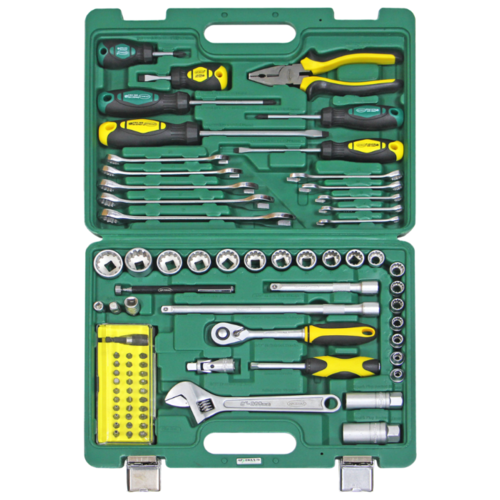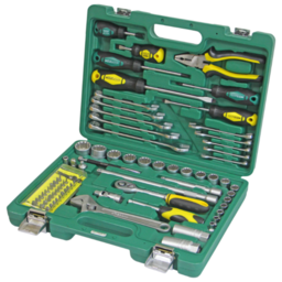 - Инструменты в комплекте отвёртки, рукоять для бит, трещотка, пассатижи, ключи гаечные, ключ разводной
------------
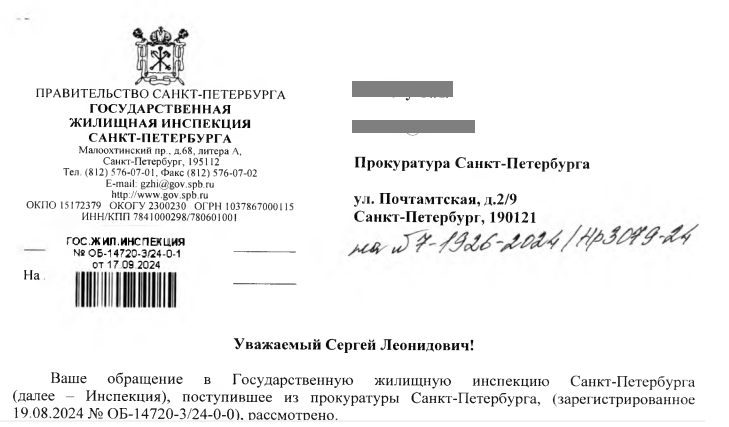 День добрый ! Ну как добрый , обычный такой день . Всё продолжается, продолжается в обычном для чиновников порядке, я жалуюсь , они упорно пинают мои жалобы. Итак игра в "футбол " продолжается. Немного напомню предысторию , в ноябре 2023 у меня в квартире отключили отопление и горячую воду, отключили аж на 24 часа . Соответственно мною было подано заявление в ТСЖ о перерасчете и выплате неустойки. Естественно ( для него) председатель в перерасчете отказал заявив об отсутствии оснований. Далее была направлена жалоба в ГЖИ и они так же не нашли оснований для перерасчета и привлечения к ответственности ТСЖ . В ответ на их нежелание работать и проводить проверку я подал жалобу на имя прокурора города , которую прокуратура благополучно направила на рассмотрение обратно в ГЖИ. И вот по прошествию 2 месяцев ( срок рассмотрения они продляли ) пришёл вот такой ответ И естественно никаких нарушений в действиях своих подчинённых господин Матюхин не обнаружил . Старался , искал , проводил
------------
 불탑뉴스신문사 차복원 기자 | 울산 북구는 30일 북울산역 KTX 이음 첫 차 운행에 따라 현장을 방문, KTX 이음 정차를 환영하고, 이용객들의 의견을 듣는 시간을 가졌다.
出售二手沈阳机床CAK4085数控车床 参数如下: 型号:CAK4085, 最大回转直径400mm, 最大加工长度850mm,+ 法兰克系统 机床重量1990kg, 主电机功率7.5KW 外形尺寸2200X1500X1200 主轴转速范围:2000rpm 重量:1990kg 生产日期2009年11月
------------
**What you need to do**
Only one stretch of the entries above is wanted: the lines from the one containing "불탑뉴스신문사 차복원 기자" through the one containing "出售二手沈阳机床CAK4085数控车床 参数如下: 型号:CAK4085, 最大回转直径400mm, 最大加工长度850mm,+". Please reproduce it exactly.

**Reply to the exercise**
 불탑뉴스신문사 차복원 기자 | 울산 북구는 30일 북울산역 KTX 이음 첫 차 운행에 따라 현장을 방문, KTX 이음 정차를 환영하고, 이용객들의 의견을 듣는 시간을 가졌다.
出售二手沈阳机床CAK4085数控车床 参数如下: 型号:CAK4085, 最大回转直径400mm, 最大加工长度850mm,+ 法兰克系统 机床重量1990kg, 主电机功率7.5KW 外形尺寸2200X1500X1200 主轴转速范围:2000rpm 重量:1990kg 生产日期2009年11月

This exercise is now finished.